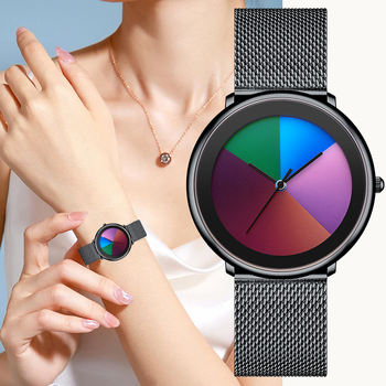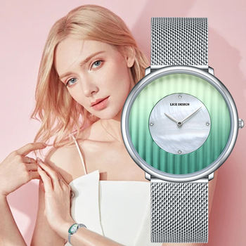 New Unique LIGE Fashion Changing Color Dial Striped Woman Watch Casual Ultra-Thin Mesh Belt Waterproof Quartz Women’s Wristwatch
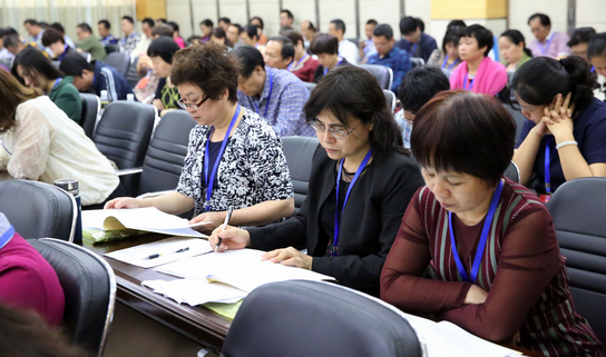 代表们认真听取报告
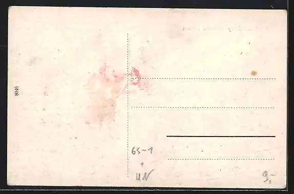 Personenbezogene Daten auf der Rückseite der Karte wurden durch blauen Textmarker unkenntlich gemacht. Die blauen Stellen sind auf die Vorderseite durchgeweicht und wirken sich negativ auf das Postkartenfoto aus
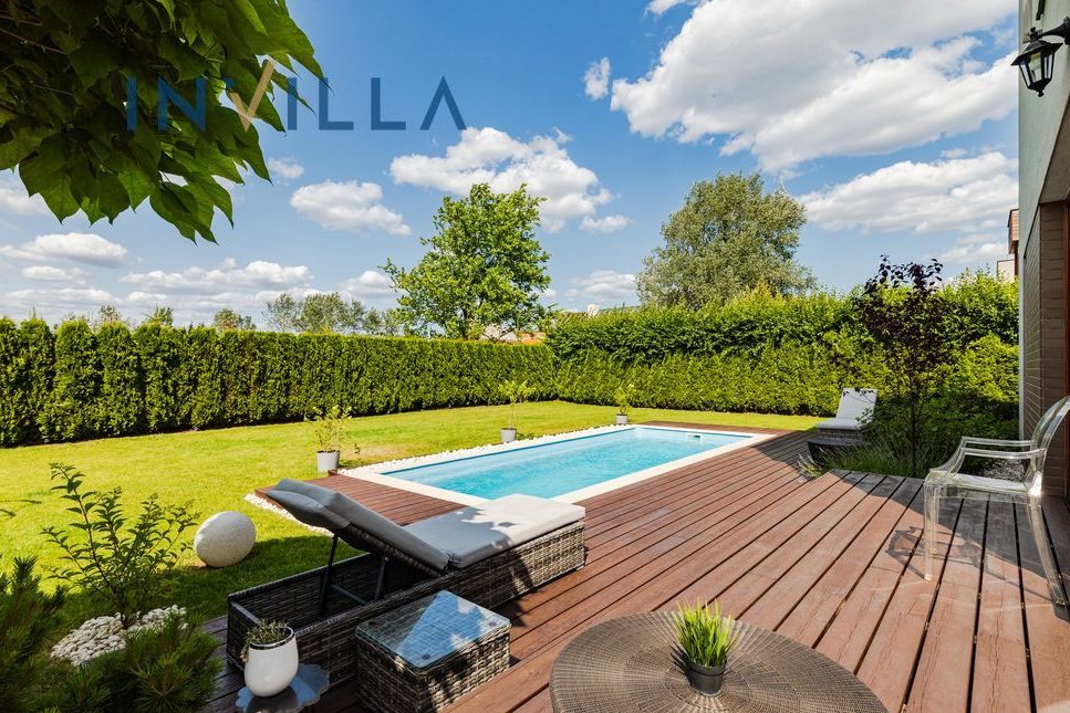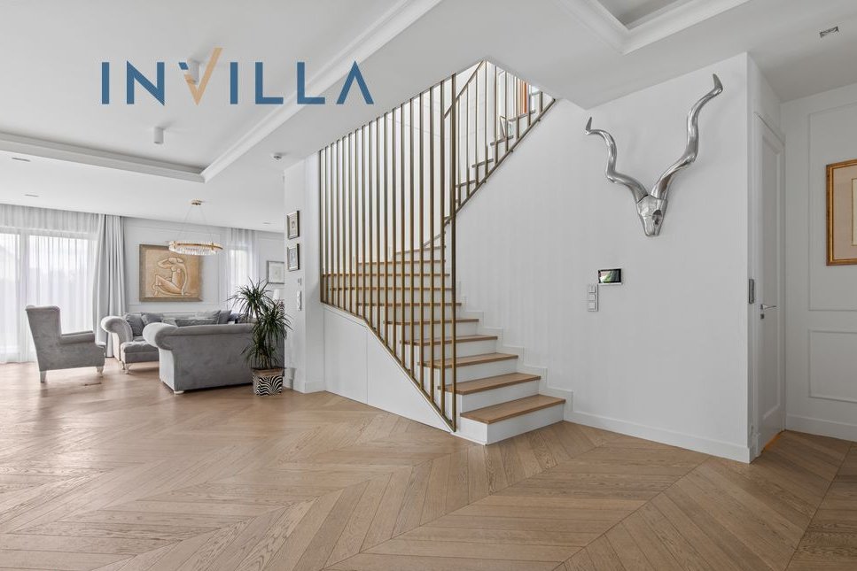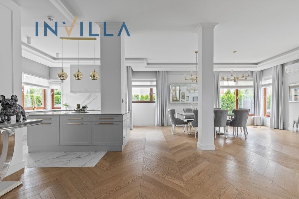 Nieruchomość znajduje się na zamkniętym osiedlu willowym z całodobową ochroną. Wykończony w wysokim standardzie w stylu glamour. Każde pomieszczenie jest klimatyzowane, a podłogi podgrzewane, wykończone wysokiej jakości parkietem. Pięknie zagospodarowany ogród z basenem zewnętrznym podgrzewanym to atut nieruchomości. Zadbana roślinność podświetlana nocą tworzy niesamowity klimat.
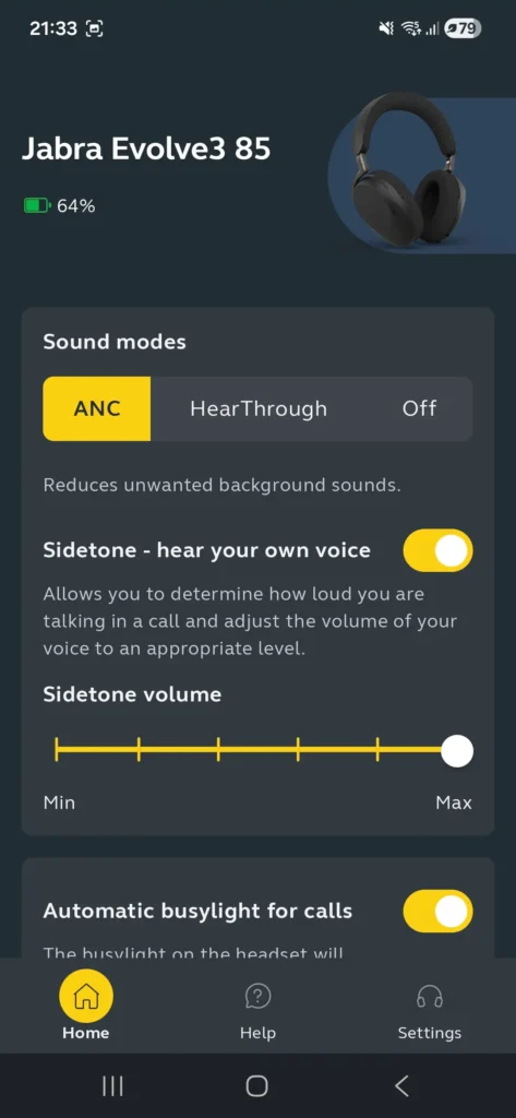Jabra Evolve3 85 korzystają z aplikacji Jabra Plus, która pełni rolę centrum zarządzania słuchawkami. Interfejs jest przejrzysty i nieprzeładowany funkcjami, co sprzyja codziennemu użytkowaniu. Aplikacja pozwala na podstawową personalizację dźwięku, zmianę trybów redukcji hałasu, kontrolę ustawień mikrofonu oraz aktualizację oprogramowania.

PROBLEM
Beginning with the first line of the records and ending with the line that contains "Nieruchomość znajduje się", reproduce every line exactly, omitting pictures and adding nothing.

OUTPUT OF THE EXERCISE
 New Unique LIGE Fashion Changing Color Dial Striped Woman Watch Casual Ultra-Thin Mesh Belt Waterproof Quartz Women’s Wristwatch
 代表们认真听取报告
 Personenbezogene Daten auf der Rückseite der Karte wurden durch blauen Textmarker unkenntlich gemacht. Die blauen Stellen sind auf die Vorderseite durchgeweicht und wirken sich negativ auf das Postkartenfoto aus
 Nieruchomość znajduje się na zamkniętym osiedlu willowym z całodobową ochroną. Wykończony w wysokim standardzie w stylu glamour. Każde pomieszczenie jest klimatyzowane, a podłogi podgrzewane, wykończone wysokiej jakości parkietem. Pięknie zagospodarowany ogród z basenem zewnętrznym podgrzewanym to atut nieruchomości. Zadbana roślinność podświetlana nocą tworzy niesamowity klimat.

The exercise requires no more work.